Die Medien berichten heute über eine Sternfahrt der Landwirte aus Mecklenburg-Vorpommern: Über 1000 Protestierende mit rund 550 Schleppern sind gestern zu einer Kundgebung in den Rostocker Stadthafen gekommen (Bild: Georg Scharnweber, SVZ). Ihr Protest richtete sich gegen das sogenannte Agrarpaket, mit dem die Bundesregierung einen verspäteten Schnellschuss in die Debatten um Klima-, Tier- und Artenschutz gesemmelt hat. Bundesweit fanden zeitgleich ähnliche Protestaktionen statt.

Das ist ein beeindruckendes Zeichen einer Branche am Pranger. Die Landwirte wollen nicht länger die „Prügelknaben der Nation“ sein, so die Organisatoren. Das kann man verstehen.
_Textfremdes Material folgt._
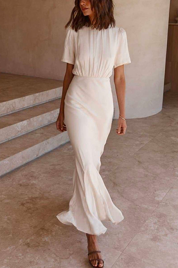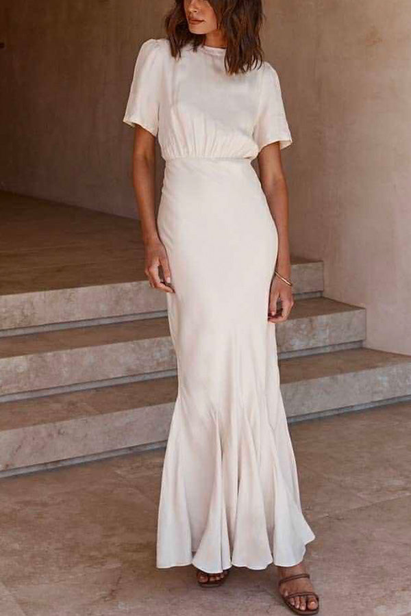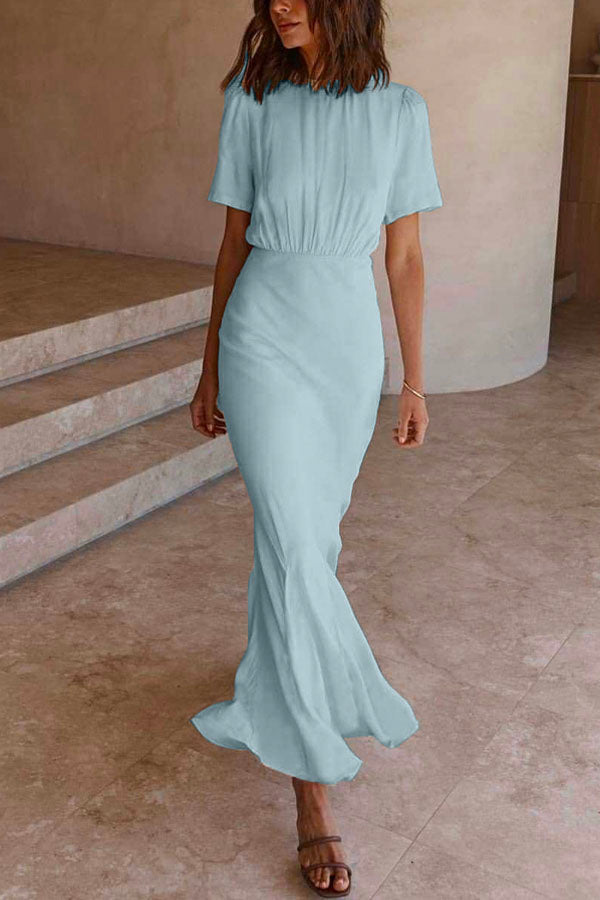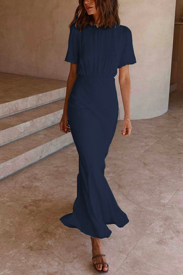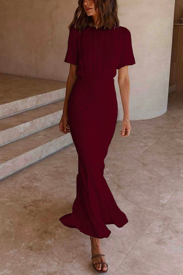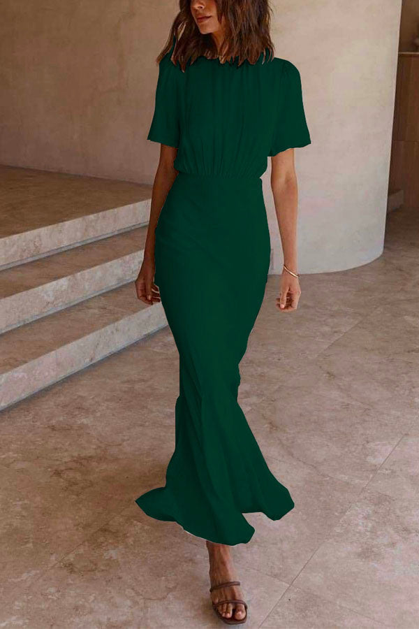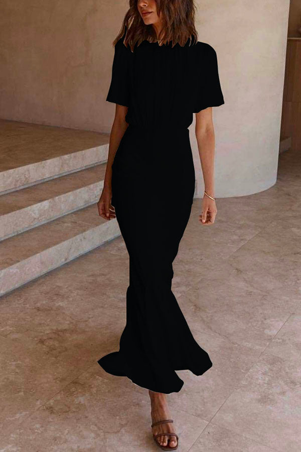 Short Sleeve Waisted Bodycon Fishtail Dress(6 Colors Available)

Wenn dann allerdings gewarnt wird, das Agrarpaket bedrohe das „bäuerliche Idyll“, lasse „Bauernhöfe“ und „kleine Familienbetriebe“ sterben, bald gebe es keine „Kühe auf der Weide“ mehr und keine „regionalen Lebensmittel“ in „Hofläden“ – dann reibt man sich doch verwundert die Augen.
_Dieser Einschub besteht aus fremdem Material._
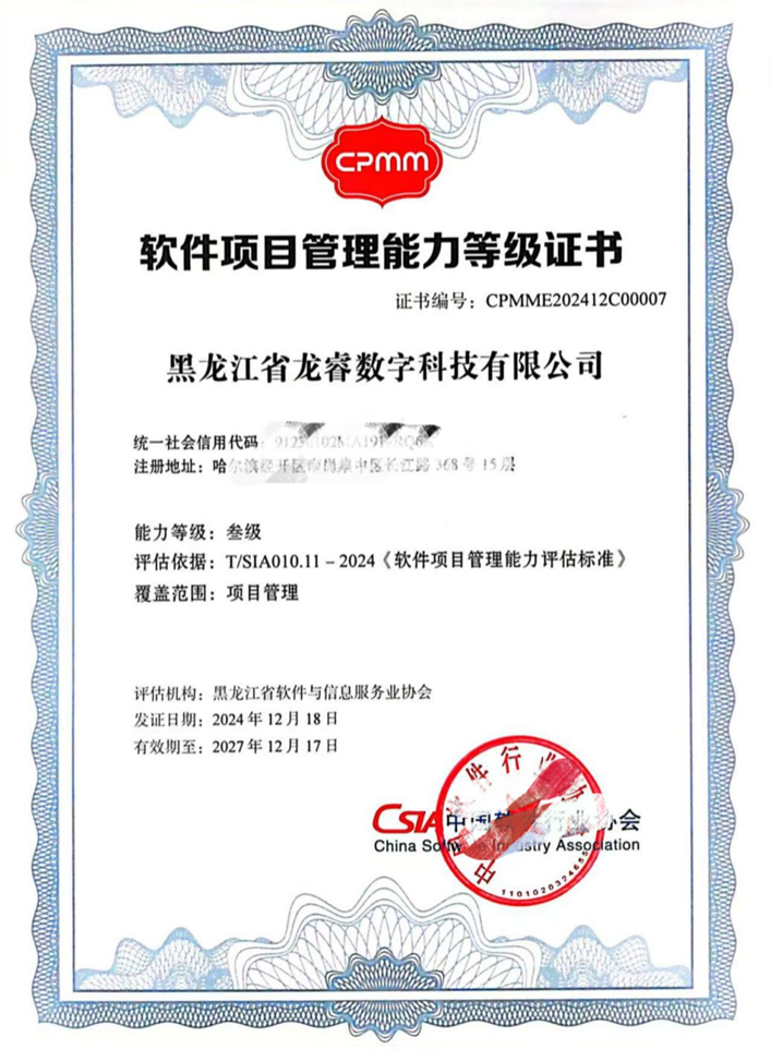 近日,经过黑龙江省软件与信息服务业协会的受理和初评,并由中国软件行业协会组织的专家团队进行严格评审,黑龙江省龙睿数字科技有限公司(以下简称“龙睿数科”)凭借优秀的项目管理能力,荣获软件项目管理能力评估(CPMM)三级证书。这一荣誉的获得,标志着龙睿数科在软件开发和项目管理方面取得了显著成就,并成为黑龙江省首家获得CPMM证书的企业。

Bäuerliches Idyll? Fast 90 % der Betriebe in MV bewirtschaften mehr als 200 Ha Land, über 40 % sogar mehr als 1000 ha. Im Schnitt arbeiten darauf nur 1,2 Vollbeschäftigte pro 100 ha. In der Tierhaltung finden sich durchschnittlich 270 Rinder und 2155 Schweine. Betriebe mit ökologischem Landbau machen nur rund 16 % aus und sind überwiegend auch keine Kleinbetriebe (Zahlen aus der Agrarstrukturerhebung 2016). Das als „bäuerliches Idyll“ zu bezeichnen ist wohl eine contradictio in adjecto, ein innerer Widerspruch im Begriff.
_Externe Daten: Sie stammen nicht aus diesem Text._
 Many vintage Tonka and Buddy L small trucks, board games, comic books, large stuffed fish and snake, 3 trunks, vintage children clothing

Aber nichtsdestotrotz ist das Anliegen der Landwirte verständlich! Die klima-, tier- und artenschutzbesorgten Verbraucher zeigen nämlich mehrheitlich keine Bereitschaft, für Weißmehlprodukte, Milch oder Fleisch angemessene Preise zu zahlen. Und die (nationale und internationale) Politik versäumt es seit Jahren, hier besonnen steuernd einzugreifen. Die Landwirte haben in den vergangenen Jahren schon erhebliche Anstrengungen für mehr Tierwohl in den Ställen und weniger Gifte auf den Äckern unternommen, was selten irgendwo Erwähnung und nie Anerkennung findet. Und es ist den Betrieben kaum zuzumuten, in immer schnellerer Folge immer neue Sauen durch die Dörfer zu jagen. Sonst kommen unsere Lebensmittel tatsächlich irgendwann aus Regionen dieser Welt, in der es für Tier- oder Artenschutz nicht einmal Worte gibt.